### Required action:
Set down each record below exactly as it stands. Pictures are not part of the copy.

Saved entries
================

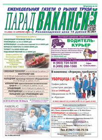 ЕЖЕНЕДЕЛЬНАЯ ГАЗЕТА О РЫНКЕ ТРУДА ПАРАД ВАКАНСИЙ (19 (212))
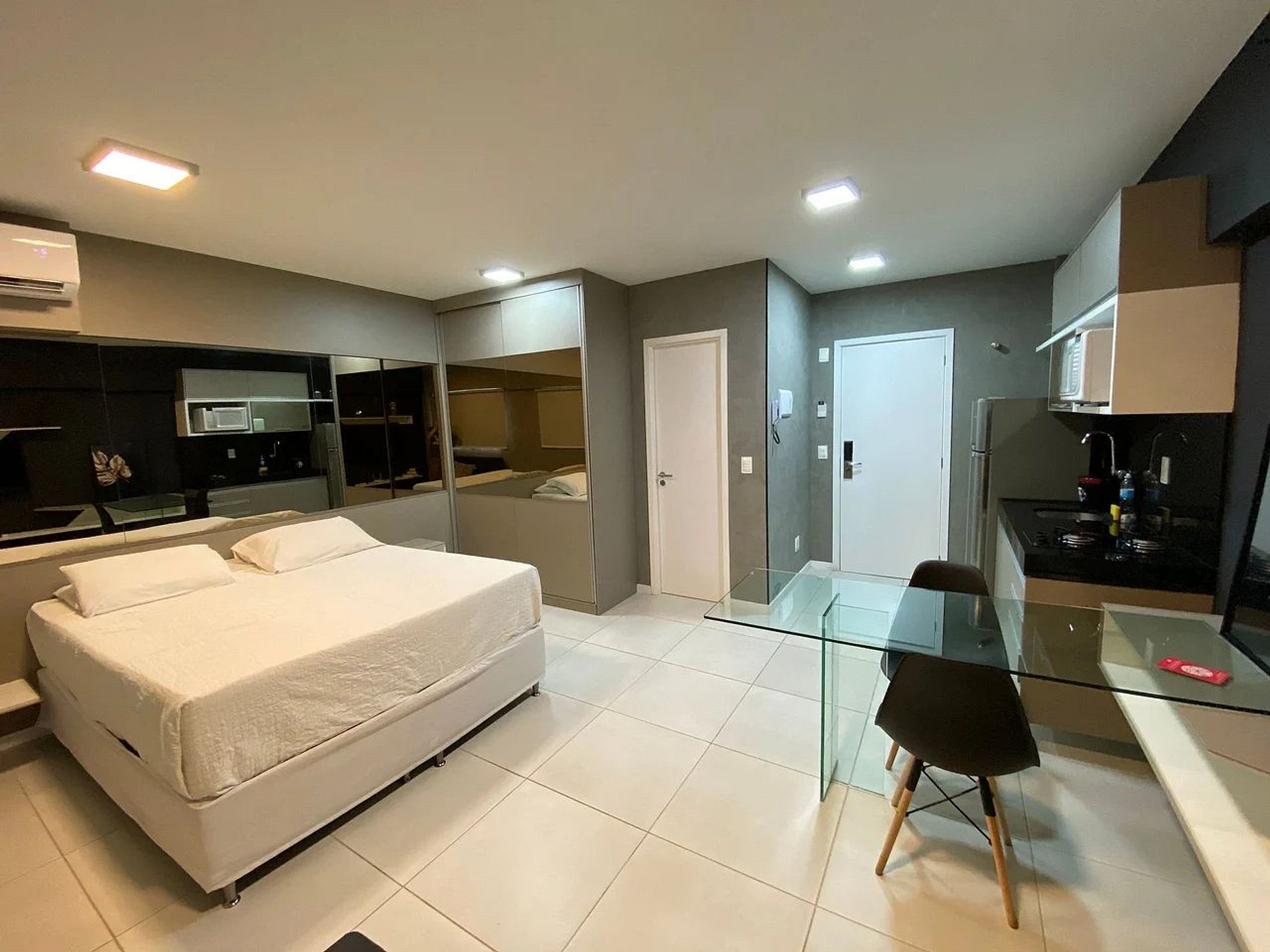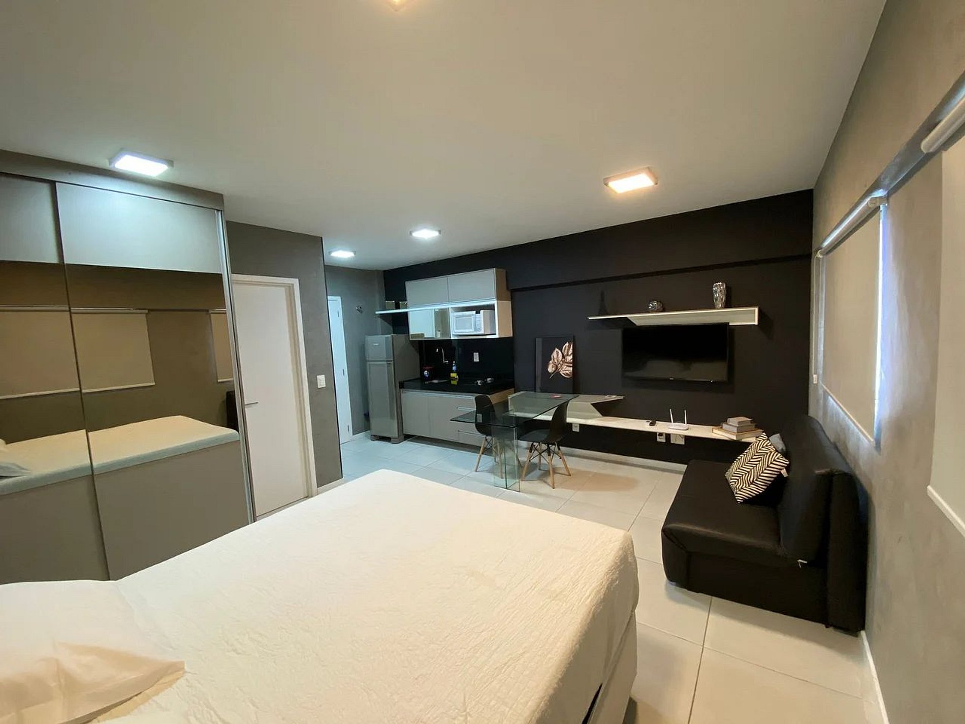 O estúdio foi planejado para oferecer funcionalidade e conforto, com ambientes integrados e bem distribuídos.
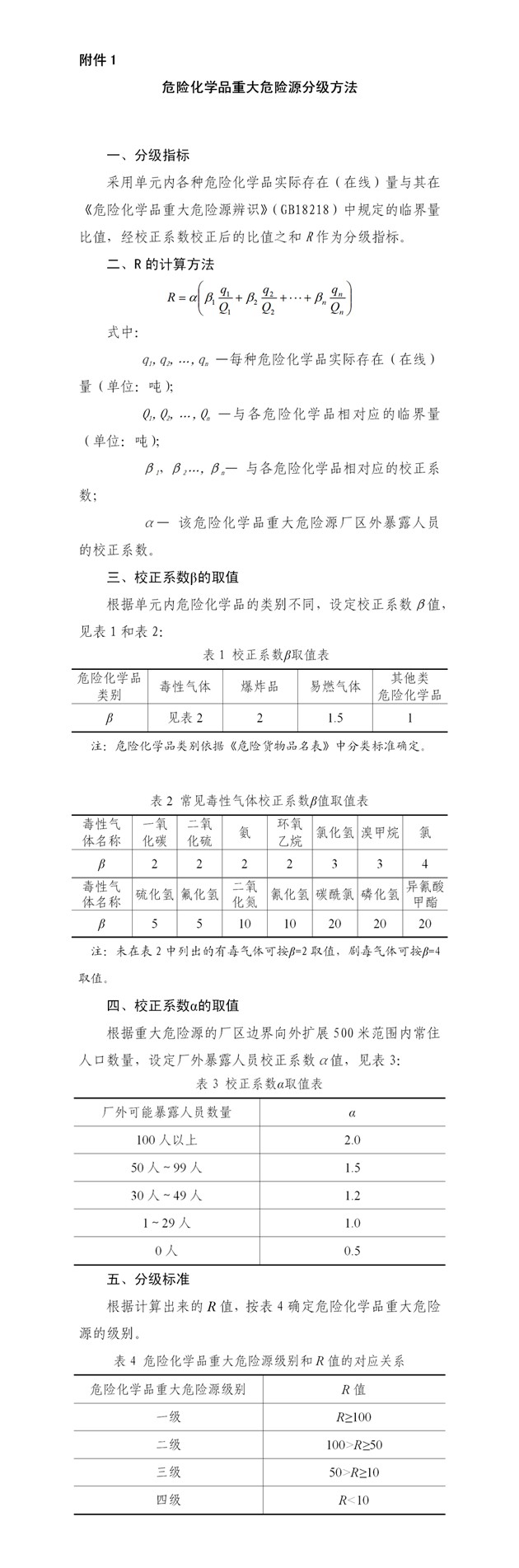 1.危险化学品重大危险源分级方法
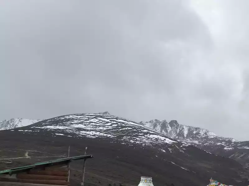 Hurriedly set off for Baima Snow Mountain, it was already past four o'clock in the afternoon, snowflakes floated in the air, and Baima Snow Mountain was shrouded in clouds and mist, and it was no longer possible to see its true face.
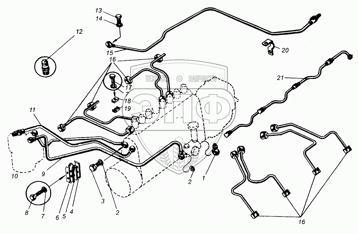 Каталог запасных частей к технике: МАЗ-504В. Топливные трубопроводы двигателя ЯМЗ-238
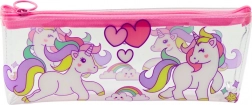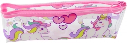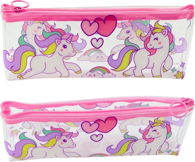 Penarul adorabil cu motiv de unicorni este camaradul perfect pentru necesitățile școlare zilnice. Corpul său transparent, cu un fermoar roz aprins, se potrivește ușor în rucsac sau dulap fără a ocupa mult spațiu. Datorită materialului transparent, puteți identifica rapid conținutul, facilitând organizarea obiectelor de școală.
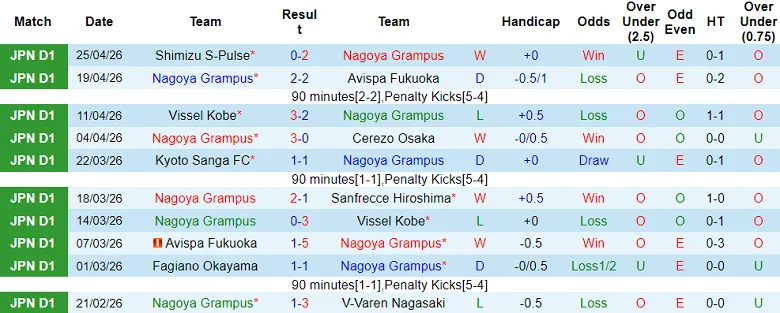 – Kết quả 10 trận gần đây nhất của Nagoya Grampus
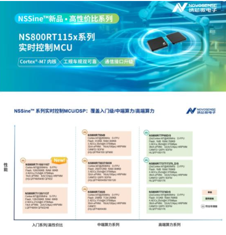 纳芯微正式推出 NS800RT115x 系列高性价比 MCU,基于 Arm? Cortex?-M7 内核,主频高达 200 MHz,搭载自研 mMATH 数学加速核,集成高速 ADC、精细 PWM、CAN FD、增量式编码器接口以及功能安全模块,可高效处理三角函数、反三角函数、开方、滤波等数学运算,大幅提升实时运算效率,可广泛应用于车身电子与照明、电机驱动器、数字电源等领域,提供符合 ISO 26262 ASIL-B 与 AEC-Q100 Grade 1 标准的型号,为汽车与工业控制应用提供高性能与高可靠的解决方案。
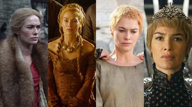 Comienza con su posición de reina de los Siete Reinos con peinados elaborados, así como con vestidos en amarillo, rosado y rojo, marcando distancia con los demás personajes. A veces, aparece más discreta y sobrepasada por Robert en siluetas como kimonos y colores pastel. Pero, cuando él muere, comienza a tener vestidos mucho más statement en colores como verde y peinados igual de elaborados. También se caracteriza por usar los símbolos de su casa, Lannister, de la temporada 2 hasta la 5 en vestidos muy elaborados en rojos y oro , collares de león y brocados con el mismo símbolo,así como capas en tafetán y terciopelo, mostrando su pináculo de poder debido a su familia.
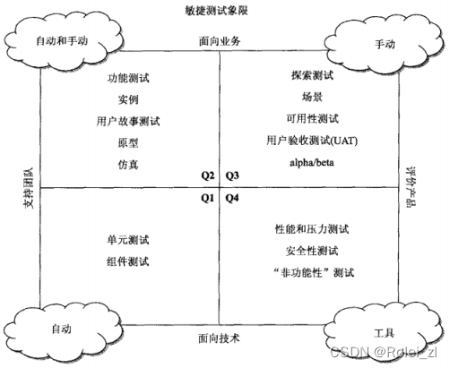 如何把质量构建到代码中,人是促使项目成功的关键 把质量构建进产品中而不是在生产出来之后再进行测试 测试人员的主要活动是测试和保证质量的人 以团队方式面对问题、解决问题,共同决定如何更好的改进产品 敏捷测试,面向业务/客户的测试,提供驱动编程,从客户利益角度出发保证质量,协助开发交付最大业务价值 合作的目标,团队中的所有参与者一起,为组织创造价值 快速反馈,驱动项目前进,整体团队运作,关心发布优秀产品所需的技能和资源 快速的从客户得到反馈,快速的从组织内得到反馈,快速的从测试得到已完成产品的质量反馈 创造力、接受新思想、乐于承担不同任务与角色,重视客户,技续关注全局 在较低版本提供客户目前最迫切需要的功能,发布最需要的功能,然后再完善,尽可能做最简单、最有用的事 --?尽可能早的体现产品价值 集中关注一两个问题,以确保彻底解决实际问题,获取更好的投资回报 避免质量警察思想:认为测试可以对质量负责 团队中的每个成员有同等的价值 敏捷:重量级文档 ->?轻量级文档,以一种合适的方式呈现给需要的人(按需要者所需要的格式书写);需要的文档:时时更新、阶段更新,而非最后统一做文档 能从数据中得到什么:不要过多的关注个人度量,而要着眼全局,着眼于目标和达到目标的趋势,关眼于度量的投资回报率 --?确认度量目标 缺陷的作用:协助开发、运维快速的查找和定位问题 --?因此是否记录,如何记录并不是关键,关键是解决问题,只有未能解决的问题才被记录,而不是将问题作为测试人员的绝以度量指标 敏捷象限:驱动开发的面向技术和面向业务的测试 帮助客户发现和描述预期系统行为,帮助客户获取和沟通所有与故事或主题有关的需求,注意:当迭代中不包含某个故事时,不要过多的涉及细节,因为变化时刻存在 面向业务测试的目的是促进客户和开发人员之间的沟通和协作,确保团队在每一次迭代中都产生真正的价值 认真思考来驱动非预期方向的测试并发现错误 --?软件的价值在于修得客户的痛点,找到痛点的可能是客户,更多的是软件服务提供方,如何平衡? 从客户角度看,应当交付什么产品(不要提供许多并不需要的额外信息);提出问题以发现客户希望的真正的业务价值,同时管理客户期望? 全面考虑所有功能及其影响,需要对系统或产品有完整的认识 新的领域知识或新技术意味着陡峭的学习曲线 坚持不懈的跟踪开发过程,制定合适的计划阻止“不成功”状态的出现 敏捷:适应价值的世界的一种收获,快速的产生价值以帮助业务增长和成功
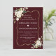 Modern Deep Burgundy White Ivory Flowers Wedding Invitation
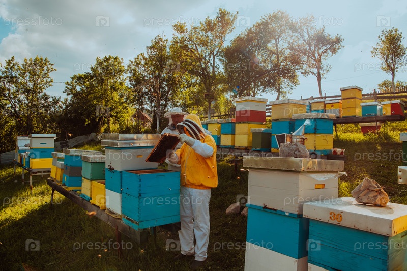 Пчеловоды проверяют мед на рамке улья в поле. Владельцы малого бизнеса на пасеке. Производитель натуральных здоровых продуктов питания работает с пчелами и ульями на пасеке
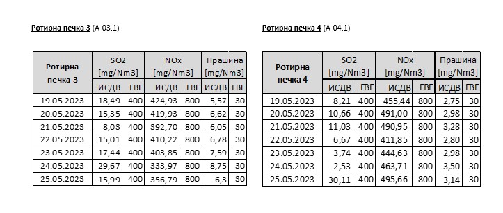 Неделен извештај за измерени средно-дневни вредности на емисии од главните емисиони точки во Цементарница УСЈЕ
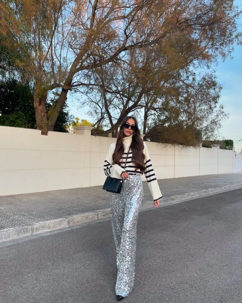 This look is street-chic perfection: a cozy cream and black striped sweater paired with statement silver sequin wide-leg pants—playful, comfy, and oh-so-cool for a concert night.
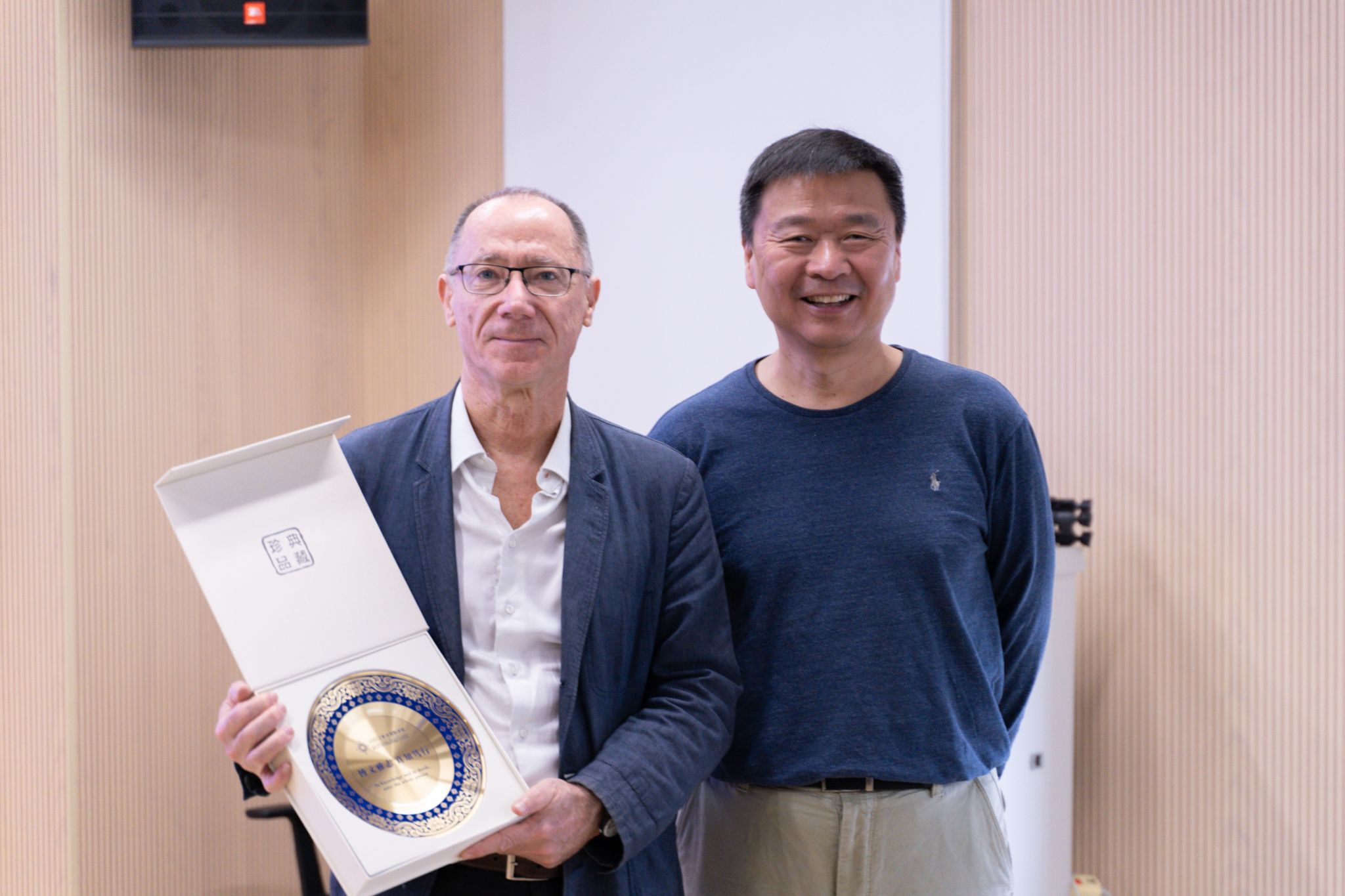 讲座主持人、北师港浸大讲座教授单肖文(右)向Luca Biferale教授赠送纪念品
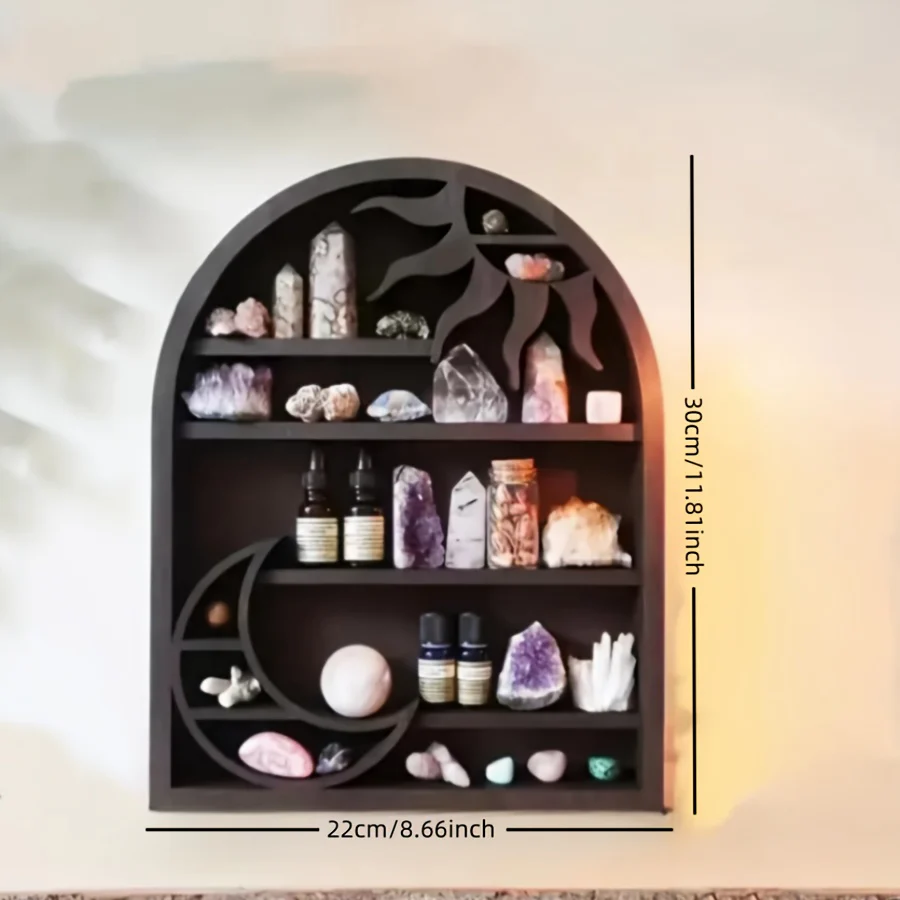 De CrystalDisplay – Halve Maan Kristallen Muurplank is de perfecte oplossing om jouw favoriete decoratiestukken op een elegante manier te presenteren. Met zijn unieke halve maan design en stevige constructie brengt het een vleugje magie in elke ruimte. Geschikt voor verschillende interieurstijlen en ideaal om kristallen, kaarsen of andere accessoires te tonen. Deze zwevende plank voegt een moderne, maar toch serene sfeer toe aan jouw huis.
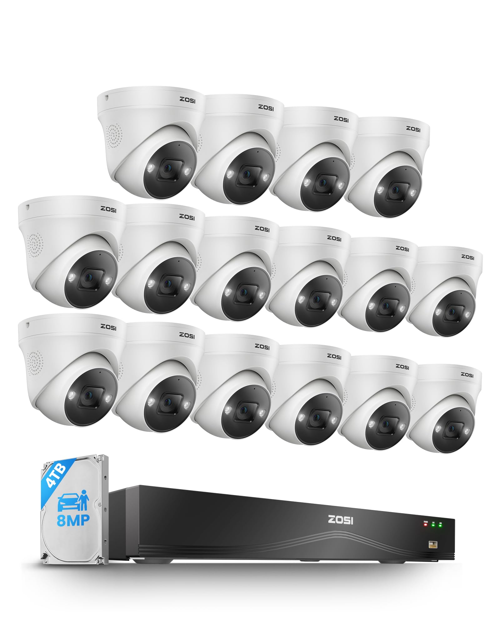 ZOSI 32CH 4K PoE Security Camera System,16pcs 8MP Dome Cameras,Person Vehicle Detection,Two-Way Talk,Spotlight Color Night Vision,16Port 32Channel NVR

================

### Exercise output:
 ЕЖЕНЕДЕЛЬНАЯ ГАЗЕТА О РЫНКЕ ТРУДА ПАРАД ВАКАНСИЙ (19 (212))
 O estúdio foi planejado para oferecer funcionalidade e conforto, com ambientes integrados e bem distribuídos.
 1.危险化学品重大危险源分级方法
 Hurriedly set off for Baima Snow Mountain, it was already past four o'clock in the afternoon, snowflakes floated in the air, and Baima Snow Mountain was shrouded in clouds and mist, and it was no longer possible to see its true face.
 Каталог запасных частей к технике: МАЗ-504В. Топливные трубопроводы двигателя ЯМЗ-238
 Penarul adorabil cu motiv de unicorni este camaradul perfect pentru necesitățile școlare zilnice. Corpul său transparent, cu un fermoar roz aprins, se potrivește ușor în rucsac sau dulap fără a ocupa mult spațiu. Datorită materialului transparent, puteți identifica rapid conținutul, facilitând organizarea obiectelor de școală.
 – Kết quả 10 trận gần đây nhất của Nagoya Grampus
 纳芯微正式推出 NS800RT115x 系列高性价比 MCU,基于 Arm? Cortex?-M7 内核,主频高达 200 MHz,搭载自研 mMATH 数学加速核,集成高速 ADC、精细 PWM、CAN FD、增量式编码器接口以及功能安全模块,可高效处理三角函数、反三角函数、开方、滤波等数学运算,大幅提升实时运算效率,可广泛应用于车身电子与照明、电机驱动器、数字电源等领域,提供符合 ISO 26262 ASIL-B 与 AEC-Q100 Grade 1 标准的型号,为汽车与工业控制应用提供高性能与高可靠的解决方案。
 Comienza con su posición de reina de los Siete Reinos con peinados elaborados, así como con vestidos en amarillo, rosado y rojo, marcando distancia con los demás personajes. A veces, aparece más discreta y sobrepasada por Robert en siluetas como kimonos y colores pastel. Pero, cuando él muere, comienza a tener vestidos mucho más statement en colores como verde y peinados igual de elaborados. También se caracteriza por usar los símbolos de su casa, Lannister, de la temporada 2 hasta la 5 en vestidos muy elaborados en rojos y oro , collares de león y brocados con el mismo símbolo,así como capas en tafetán y terciopelo, mostrando su pináculo de poder debido a su familia.
 如何把质量构建到代码中,人是促使项目成功的关键 把质量构建进产品中而不是在生产出来之后再进行测试 测试人员的主要活动是测试和保证质量的人 以团队方式面对问题、解决问题,共同决定如何更好的改进产品 敏捷测试,面向业务/客户的测试,提供驱动编程,从客户利益角度出发保证质量,协助开发交付最大业务价值 合作的目标,团队中的所有参与者一起,为组织创造价值 快速反馈,驱动项目前进,整体团队运作,关心发布优秀产品所需的技能和资源 快速的从客户得到反馈,快速的从组织内得到反馈,快速的从测试得到已完成产品的质量反馈 创造力、接受新思想、乐于承担不同任务与角色,重视客户,技续关注全局 在较低版本提供客户目前最迫切需要的功能,发布最需要的功能,然后再完善,尽可能做最简单、最有用的事 --?尽可能早的体现产品价值 集中关注一两个问题,以确保彻底解决实际问题,获取更好的投资回报 避免质量警察思想:认为测试可以对质量负责 团队中的每个成员有同等的价值 敏捷:重量级文档 ->?轻量级文档,以一种合适的方式呈现给需要的人(按需要者所需要的格式书写);需要的文档:时时更新、阶段更新,而非最后统一做文档 能从数据中得到什么:不要过多的关注个人度量,而要着眼全局,着眼于目标和达到目标的趋势,关眼于度量的投资回报率 --?确认度量目标 缺陷的作用:协助开发、运维快速的查找和定位问题 --?因此是否记录,如何记录并不是关键,关键是解决问题,只有未能解决的问题才被记录,而不是将问题作为测试人员的绝以度量指标 敏捷象限:驱动开发的面向技术和面向业务的测试 帮助客户发现和描述预期系统行为,帮助客户获取和沟通所有与故事或主题有关的需求,注意:当迭代中不包含某个故事时,不要过多的涉及细节,因为变化时刻存在 面向业务测试的目的是促进客户和开发人员之间的沟通和协作,确保团队在每一次迭代中都产生真正的价值 认真思考来驱动非预期方向的测试并发现错误 --?软件的价值在于修得客户的痛点,找到痛点的可能是客户,更多的是软件服务提供方,如何平衡? 从客户角度看,应当交付什么产品(不要提供许多并不需要的额外信息);提出问题以发现客户希望的真正的业务价值,同时管理客户期望? 全面考虑所有功能及其影响,需要对系统或产品有完整的认识 新的领域知识或新技术意味着陡峭的学习曲线 坚持不懈的跟踪开发过程,制定合适的计划阻止“不成功”状态的出现 敏捷:适应价值的世界的一种收获,快速的产生价值以帮助业务增长和成功
 Modern Deep Burgundy White Ivory Flowers Wedding Invitation
 Пчеловоды проверяют мед на рамке улья в поле. Владельцы малого бизнеса на пасеке. Производитель натуральных здоровых продуктов питания работает с пчелами и ульями на пасеке
 Неделен извештај за измерени средно-дневни вредности на емисии од главните емисиони точки во Цементарница УСЈЕ
 This look is street-chic perfection: a cozy cream and black striped sweater paired with statement silver sequin wide-leg pants—playful, comfy, and oh-so-cool for a concert night.
 讲座主持人、北师港浸大讲座教授单肖文(右)向Luca Biferale教授赠送纪念品
 De CrystalDisplay – Halve Maan Kristallen Muurplank is de perfecte oplossing om jouw favoriete decoratiestukken op een elegante manier te presenteren. Met zijn unieke halve maan design en stevige constructie brengt het een vleugje magie in elke ruimte. Geschikt voor verschillende interieurstijlen en ideaal om kristallen, kaarsen of andere accessoires te tonen. Deze zwevende plank voegt een moderne, maar toch serene sfeer toe aan jouw huis.
 ZOSI 32CH 4K PoE Security Camera System,16pcs 8MP Dome Cameras,Person Vehicle Detection,Two-Way Talk,Spotlight Color Night Vision,16Port 32Channel NVR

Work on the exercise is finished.